I'm unsure why you say there are no other alternatives. Surely the choice of database should preference your data and what you want to do with it over the language you'll use? There are node libraries for any database I've ever wanted to use (SQL and NoSQL alike)
I tried to say 'no NoSQL alternatives'. And I noticed that while there's node middleware for most libraries, the ease of use is different for each database.
You know, if you like it with node, ignore the haters and use it anyway. It's not some atrocious mess. I love mongoose in addition to it, use it all the time.
A lot of these downsides are
fixed by Tokumx. Real transactions, document level locking, compression and disk optimized indexes. I suggest everyone take a look at it.
I agree. TokuMX has filled many holes in Mongo and (at least in my experience so far) performs very well. It's got great documentation, backed by a brilliant team. As a drop in replacement for mongo binaries, it's really easy to install and offers professional/enterprise support if you need it.
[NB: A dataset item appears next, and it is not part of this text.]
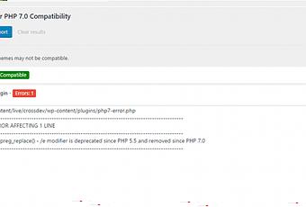 Disponible seulement pour WordPress, le plugin PHP Compatibility Checker examine le code de votre thème et de vos plugins pour trouver les éventuelles incompatibilités. Vous pouvez choisir la version de PHP à vérifier et vous obtenez un rapport détaillé avec les erreurs trouvées.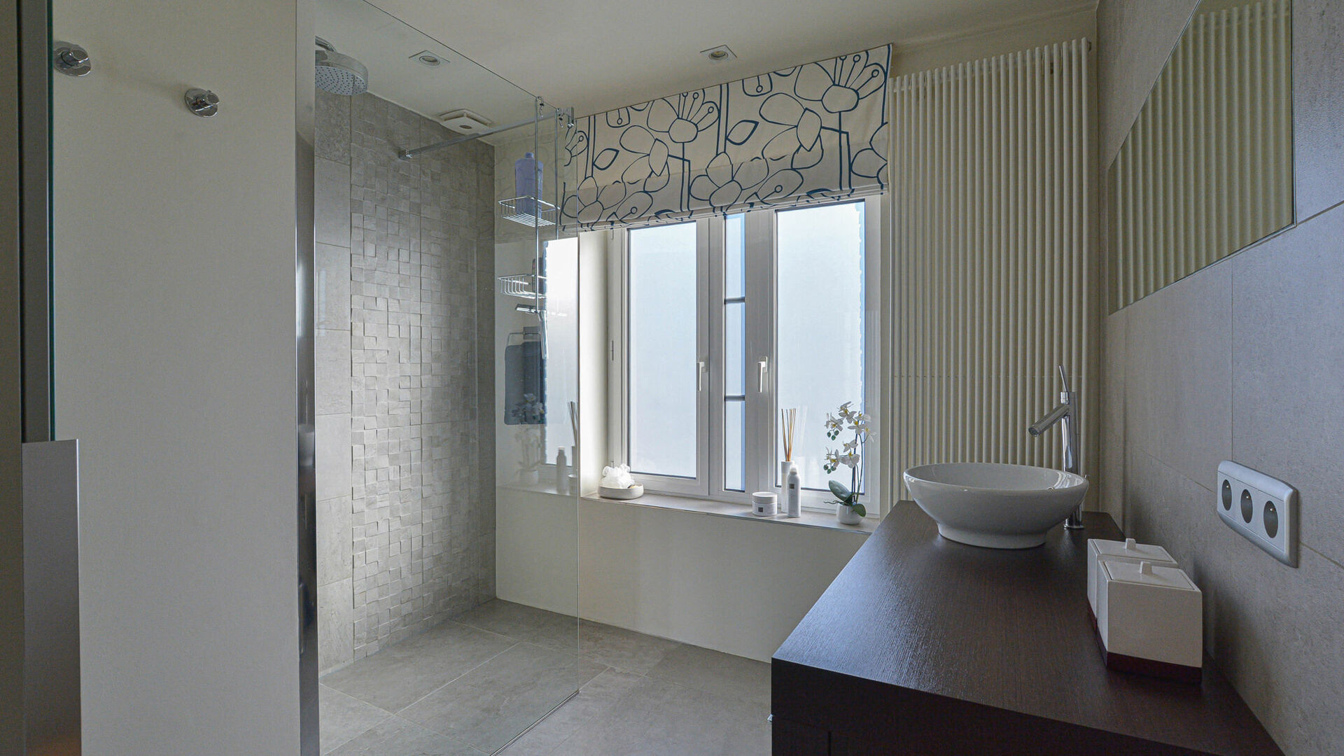 Le premier étage comprend un hall de nuit, deux chambres confortables (±17 m² et ±10 m²), dont une actuellement utilisée comme dressing, ainsi qu’une salle de bain moderne équipée d’une douche à l’italienne et d’un meuble lavabo.

I feel like the discussion of MongoDB is a bit like the discussion around the Affordable Care Act (aka "Obamacare"). The conversation always shifts between whether the very idea of a noSQL db is a good one, to the question of Mdb's implementation faults and (I guess?) its strengths.
Whether 10gen are vapid spin-meisters or not, even whether they have developed a usable product, seems orthogonal to the question as to whether a schemaless persistent storage layer might be a better fit for some projects than a relational database.
One thing I always do is try to scope a database for the problem. This site[1] has been a valuable resource for myself and colleague who were evaluation the best way to store/access our data depending on what we need back.
Can someone comment on how mature rethinkdb is at the moment?
I'm considering moving away from MongoDB before I have to implement what seems to be an incredibly complicated architecture to get it to scale on the level tens/hundreds of millions of documents.
RethinkDB is not yet "ready for production use" but reportedly will be soon.
If you're currently on MongoDB but need more performance, concurrency, or compression, please try TokuMX: http://www.tokutek.com/products/tokumx-for-mongodb It's a drop-in replacement server that uses a better storage engine but speaks the same protocol and query language.
They fixed that problem but it was too late. In my eyes they proved they are not to be trusted with data.
Had they called themselves MangoCache or MongoProbabilisticStorage, fine, can silently drop writes, I don't care it is not database. But telling people they are a "database" and then tweaking their default to look good in stupid little benchmarks, and telling people they are webscale, sealed the deal for me. Never looking at that product again.